In this worksheet we will work through multiple ways to create summary statistic tables in Stata. We go from the most basic approach to the most polished, publication-ready table. We use the built-in nlsw88 dataset (National Longitudinal Survey of Women, 1988). Our binary grouping variable is union (1 = union member, 0 = not).
Recall that for the homework you can build this table with excel as well, but if you wanted to learn a bit on ways of doing it with STATA, here are a couple:
Setup
Before we begin, let’s load the data and see what we’re working with.
sysuse nlsw88, clear
describe union wage age tenure ttl_exp hoursOutput:
Let’s check how our grouping variable looks:
tab union Union |
worker | Freq. Percent Cum.
------------+-----------------------------------
Nonunion | 1,417 75.45 75.45
Union | 461 24.55 100.00
------------+-----------------------------------
Total | 1,878 100.00About 75% are non-union and 25% are union. Now let’s define a global with the variables we want to summarize:
global sumvars "wage age tenure ttl_exp hours"Method 1: summarize with if (The Basics)
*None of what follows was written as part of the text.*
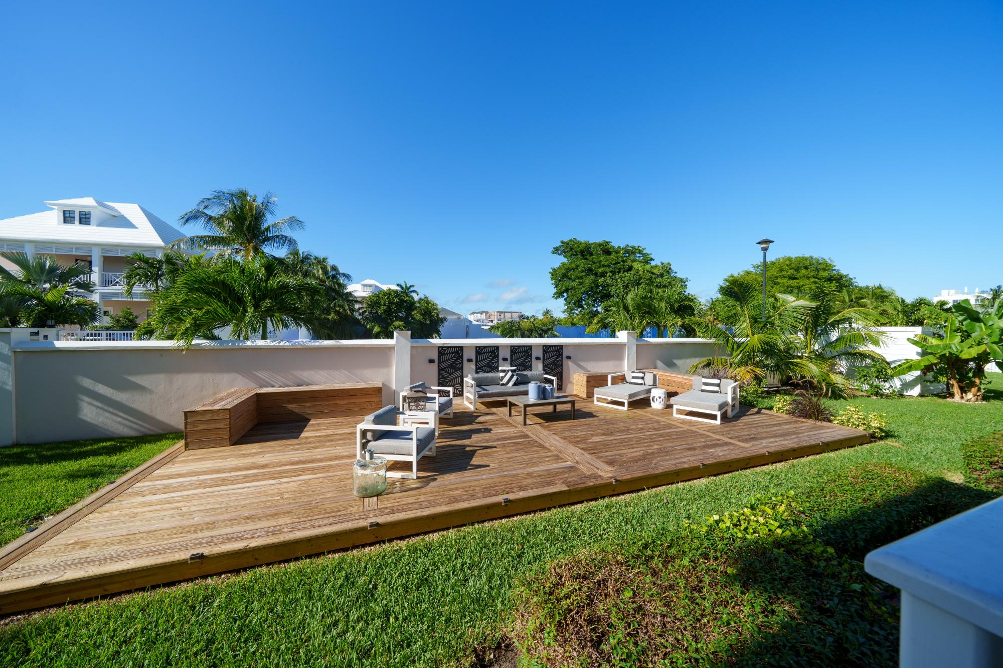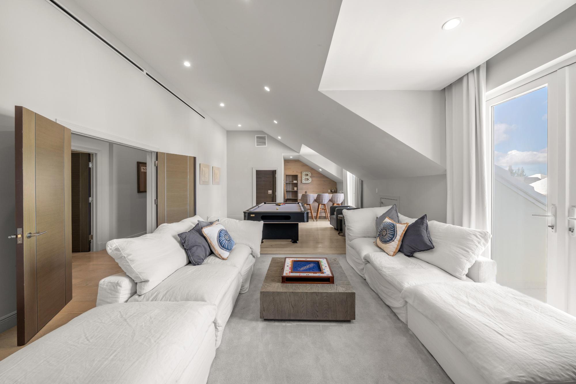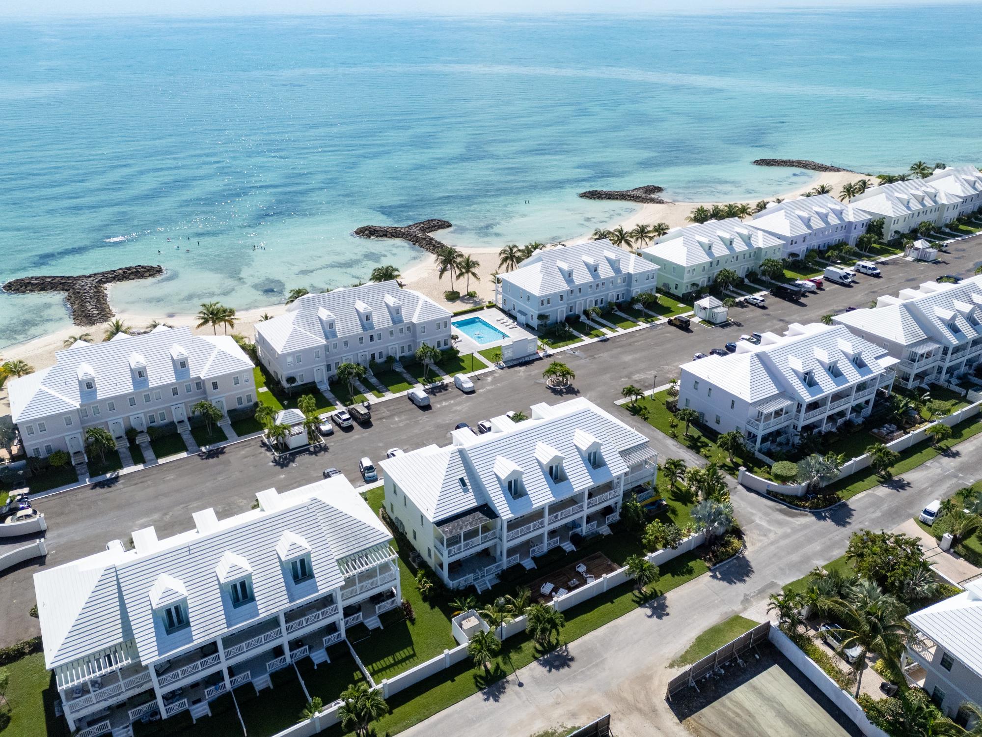 Discover refined island living in this exceptional double-unit townhome located within the exclusive gated community of Palm Cay, Nassau. Offering five bedrooms, four full bathrooms, and two powder rooms, this beautifully appointed residence is sold turnkey and fully furnished for effortless ownership. The open-concept living, dining, and kitchen area features porcelain tile flooring, recessed lighting, and high-end finishes throughout. A chef’s kitchen with solid wood cabinetry, a large island with seating for four, built-in coffee maker, double ovens, microwave, and wine storage flows seamlessly into the spacious living area and out to an inviting covered patio. Upstairs, the luxurious primary suite includes a large soaking tub, separate shower, double sinks, and dual rain showerheads, while the third-floor lounge with a bar, balconies, powder room, and pool table provides an ideal entertainment space. Outdoor living is maximised with a double garden, oversized patio, and garden deck for relaxing or entertaining. Just steps from one of New Providence’s most beautiful beaches.

The simplest approach. Just run summarize twice, once for each group.
summarize $sumvars if union == 1summarize $sumvars if union == 0Pros: Very easy. No extra packages needed.
Cons: You get two separate tables. No difference or significance test. You have to eyeball everything. Not something you’d put in a paper.
Method 2: tabstat with by() (A Step Up)
tabstat lets you see both groups in one table. You can also request specific statistics.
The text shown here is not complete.